The main indicator of morbidity in this study was re-hospitalization. The temporal analysis of the phenomenon throughout 36 months is interesting. Initially, both groups began the study matched for re-hospitalization rates. But in the medium- and long-term, the difference clearly turns in favor of AZA. Thus, observing the survival curve for the variable re-hospitalization, one can see that in the first year there was no significant difference from a statistical point of view (Figure 1). However, the phenomenon is dynamic over time, and it is possible that at the end of 12 months there was a trend toward significance. This derives from the evaluation of the survival curves and statistical analysis at the end of 24 months, in which the impression left by the drawings of the curves was confirmed. It is well known that the maximum effectiveness of AZA occurs from the fourth month of use onwards [17,18]. In addition, effective sustained immunomodulation appears to be important in controlling intestinal inflammation in CD [15]. Taken together, these data might explain the finding that AZA was more effective after 12 months of use.

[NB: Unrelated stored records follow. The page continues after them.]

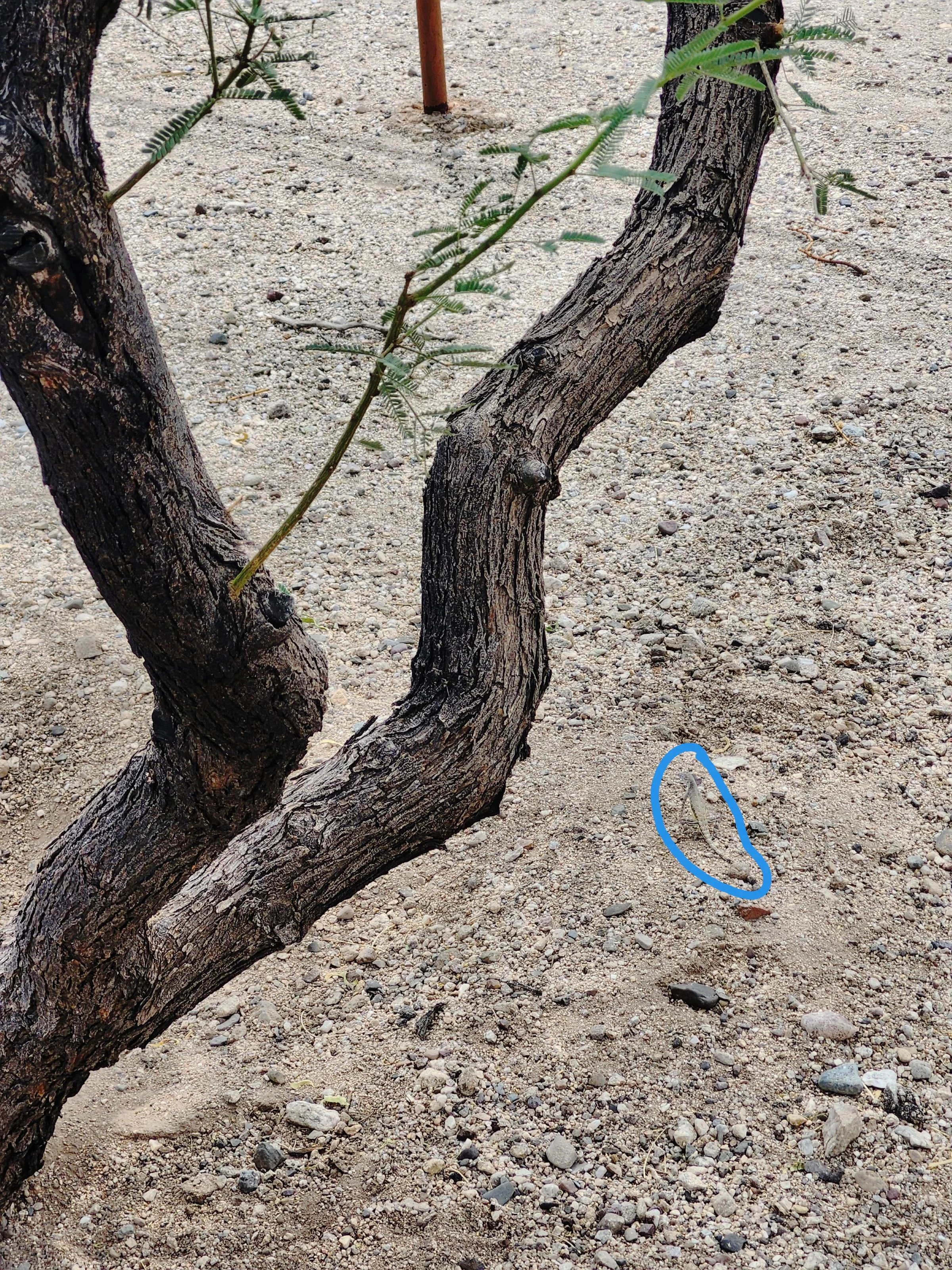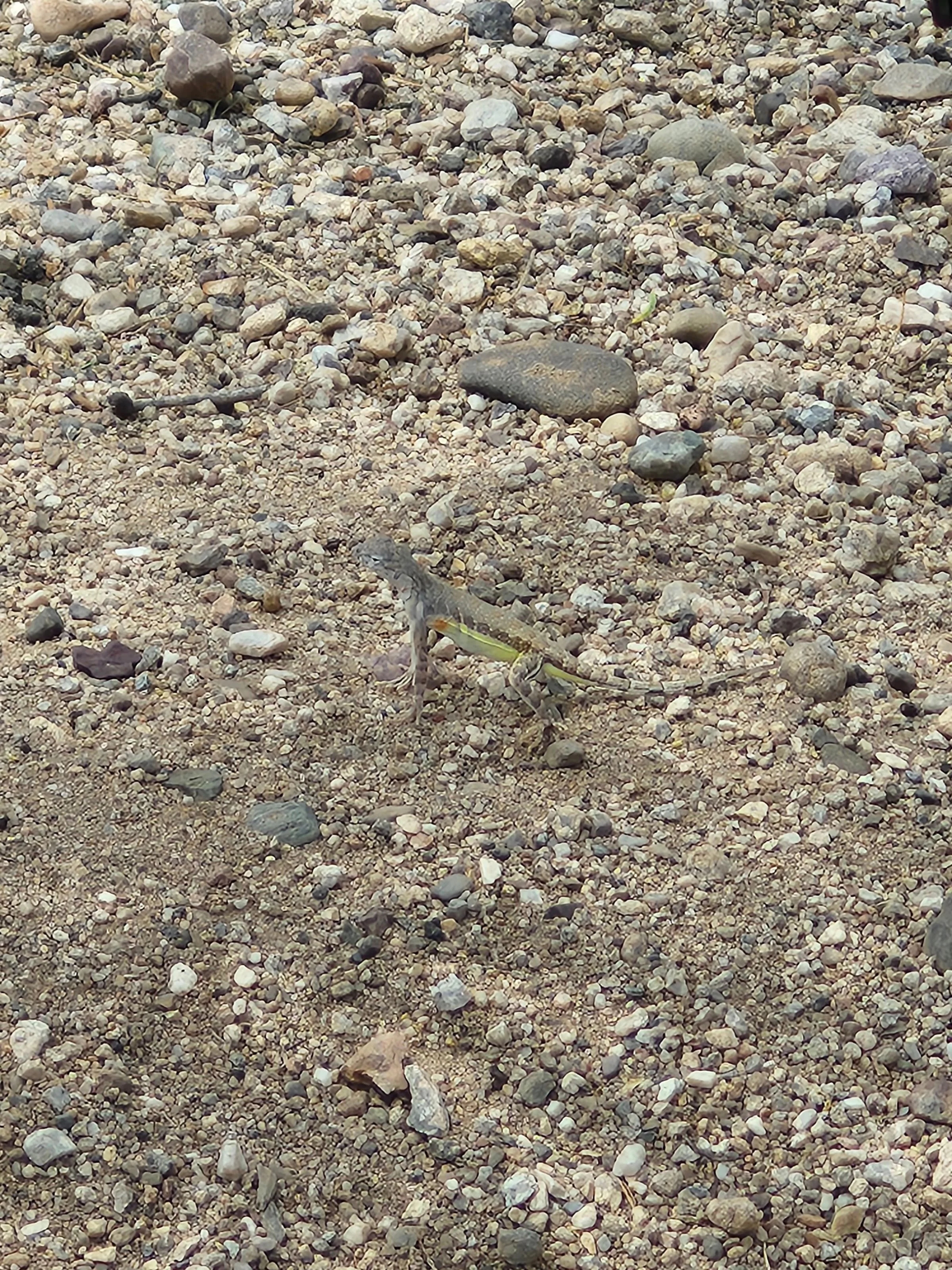 Upon looking at the close-up photo, it seems like this individual has faint belly bands right below the front legs, and this photo (second image) of a zebra-tailed lizard that looks very similar to our reference photo, I’m going to go zebra-tailed lizard, Callisaurus draconoides .
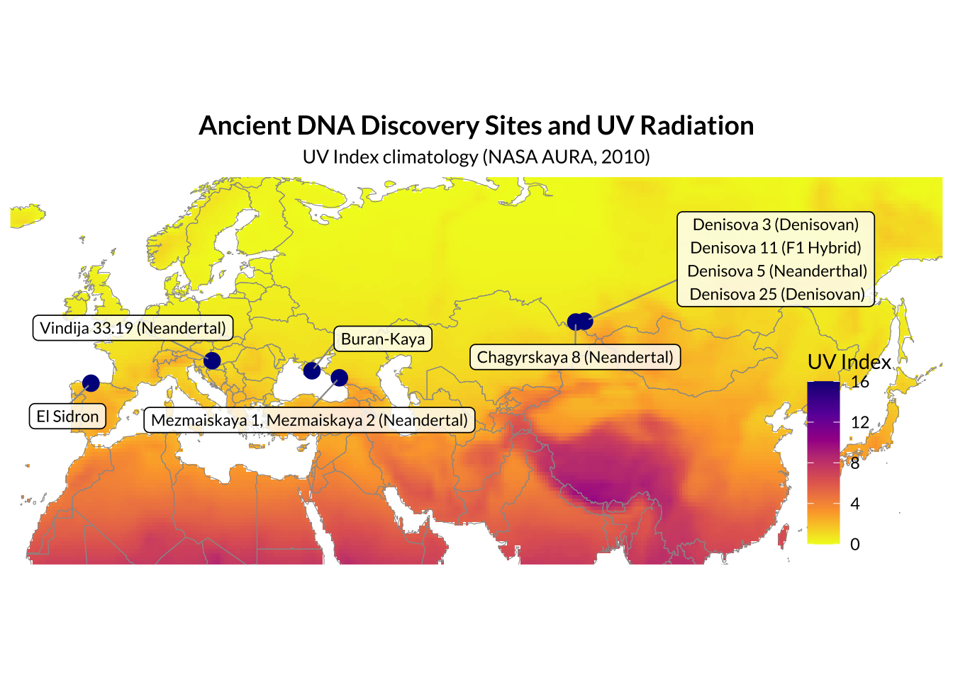 title = "Ancient DNA Discovery Sites and UV Radiation",
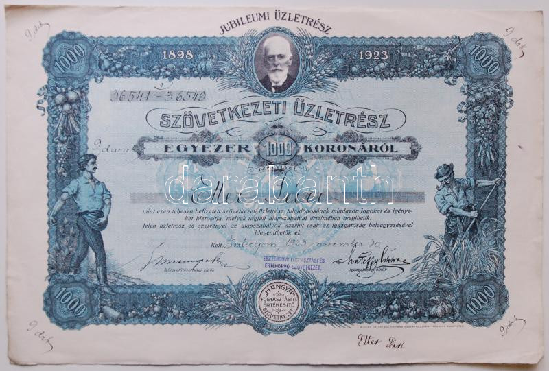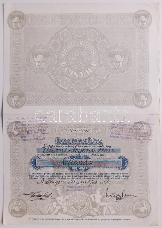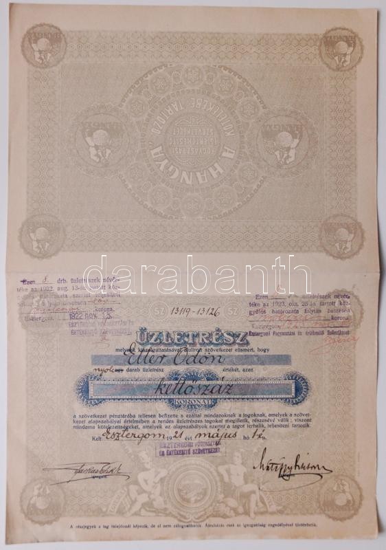 Esztergom 1921. "Esztergomi Fogyasztási és Értékesítő Szövetkezet" Üzl... https://www.darabanth.com/hu/180-Gyorsarveres/180.0/Numizmatika/Reszvenyek-es-sorsjegyek~200005/Esztergom-1921-Esztergomi-Fogyasztasi-es-Ertekesito-Szovetkezet-Uzletresz-200K-rol-szel~II615993
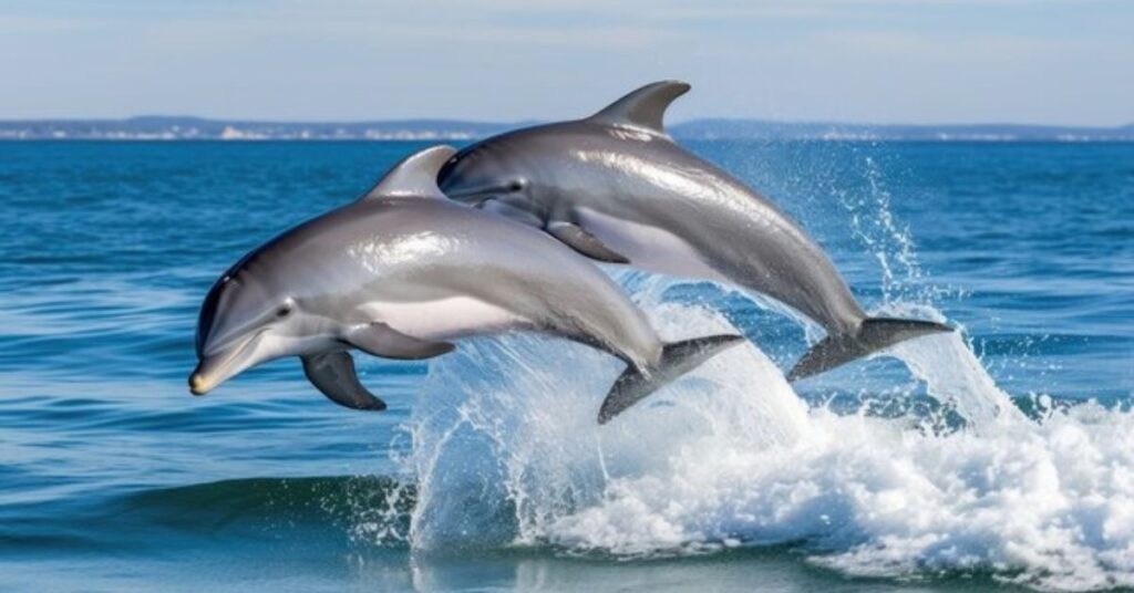 Dolphins are smart marine animals that live in oceans and seas around the world. They are known for their playful behavior and friendly nature. Dolphins use sounds such as clicks and whistles to communicate with each other. They also use echolocation to find food and move through the water. This ability helps them locate fish even in dark or deep water.

Importantly, in the current study, AZA therapy notably reduced the proportion of re-hospitalizations for CD-related surgical interventions compared to MSZ. Recent studies have demonstrated that thiopurines may decrease the need for surgery. Indeed, AZA therapy was associated with a decreased risk of first surgery among patients with non-stricturing, non-penetrating CD [19]. In addition, after a first surgical resection for CD, long-term treatment with thiopurines appears to cut the risk of subsequent intestinal surgery by nearly 60% [20,21]. Nonetheless, to our knowledge this is the first study to demonstrate that AZA therapy can reduce surgical hospitalizations of sub-occlusive ileocecal CD patients.

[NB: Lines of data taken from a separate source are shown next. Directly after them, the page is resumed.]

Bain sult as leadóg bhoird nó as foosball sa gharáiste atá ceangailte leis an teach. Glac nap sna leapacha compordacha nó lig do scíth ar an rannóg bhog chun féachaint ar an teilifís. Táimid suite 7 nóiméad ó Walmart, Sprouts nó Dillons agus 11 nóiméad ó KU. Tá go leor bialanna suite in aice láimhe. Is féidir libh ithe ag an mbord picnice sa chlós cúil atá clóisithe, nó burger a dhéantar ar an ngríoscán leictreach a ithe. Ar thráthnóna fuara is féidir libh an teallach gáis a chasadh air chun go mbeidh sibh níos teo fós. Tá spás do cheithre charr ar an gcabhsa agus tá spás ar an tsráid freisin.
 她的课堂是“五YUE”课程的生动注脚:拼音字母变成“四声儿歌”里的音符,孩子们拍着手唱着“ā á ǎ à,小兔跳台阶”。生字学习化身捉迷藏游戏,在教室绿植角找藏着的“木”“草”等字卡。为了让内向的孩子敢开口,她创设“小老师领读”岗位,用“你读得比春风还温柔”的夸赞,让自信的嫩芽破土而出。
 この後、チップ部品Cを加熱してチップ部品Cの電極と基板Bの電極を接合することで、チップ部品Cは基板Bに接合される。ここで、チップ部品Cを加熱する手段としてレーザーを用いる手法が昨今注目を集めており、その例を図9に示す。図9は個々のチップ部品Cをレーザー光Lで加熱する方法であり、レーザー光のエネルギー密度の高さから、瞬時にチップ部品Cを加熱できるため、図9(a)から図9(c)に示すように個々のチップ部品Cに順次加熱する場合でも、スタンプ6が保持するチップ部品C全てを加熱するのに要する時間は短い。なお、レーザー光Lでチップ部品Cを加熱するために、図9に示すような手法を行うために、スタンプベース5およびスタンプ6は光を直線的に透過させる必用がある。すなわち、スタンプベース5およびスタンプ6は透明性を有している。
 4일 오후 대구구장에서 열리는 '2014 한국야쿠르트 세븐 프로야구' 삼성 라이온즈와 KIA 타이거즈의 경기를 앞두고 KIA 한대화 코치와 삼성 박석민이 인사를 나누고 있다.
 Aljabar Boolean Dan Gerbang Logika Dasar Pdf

One drawback of our trial is the lack of assessment of the proportion of endoscopic mucosal healing in the AZA group. Nonetheless, it should be acknowledged that successful AZA therapy is accompanied by mucosal healing and disappearance of the inflammatory infiltrate in more than 50% of CD patients with active ileocolitis [22]. Arguably, the initiation of AZA treatment might lead to more effective mucosal immunomodulation and enhanced control of ongoing inflammation, thus allowing inflammatory lesions to heal before the establishment of irreversible fibrotic wall thickening in a certain proportion of individuals. Future research will establish the degree to which mucosal healing may improve long-term outcomes and reduce complications and hospitalizations in sub-occlusive CD patients.

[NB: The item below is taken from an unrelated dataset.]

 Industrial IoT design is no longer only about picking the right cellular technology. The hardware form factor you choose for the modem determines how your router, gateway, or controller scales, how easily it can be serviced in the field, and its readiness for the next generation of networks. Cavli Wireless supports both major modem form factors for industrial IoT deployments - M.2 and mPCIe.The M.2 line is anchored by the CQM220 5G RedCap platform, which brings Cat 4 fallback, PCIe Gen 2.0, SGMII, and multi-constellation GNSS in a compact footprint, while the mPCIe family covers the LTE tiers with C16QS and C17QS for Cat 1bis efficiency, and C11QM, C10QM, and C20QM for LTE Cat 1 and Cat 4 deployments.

Although the methodology was appropriate for the purpose of the study and allowed a comparison between AZA and MSZ, an important limitation of the study lies on the characteristics of the study population. The study included patients with a specific medical condition – ileocecal sub-occlusive CD – who responded to initial clinical treatment. As such, the data presented is valuable for patients whose characteristics resemble those of the studied groups and cannot be extrapolated to other populations of patients with CD. Furthermore, a recent study supports the use of laparoscopy ileocolic resection in appropriately selected CD patients for reduction of short-term complications and hospital length of stay when compared with open resection [23]. Ileocolic resection might be a good alternative to long-term medical therapy, particularly in patients with limited ileocecal CD. Thus, multidisciplinary research addressing issues such as medical treatment versus surgery in sub-occlusive ileocecal CD is necessary to aid in decision-making in these clinical settings.

Conclusions

In conclusion, for patients with ileocecal CD who had their first episode of intestinal sub-occlusion relented without surgery, subsequent treatment with AZA significantly reduced the proportion of all-cause re-hospitalization and hospitalizations for surgical procedures when compared with MSZ treatment. The long-term use of AZA in ileocecal CD patients recovering from a sub-occlusion episode can reduce healthcare costs.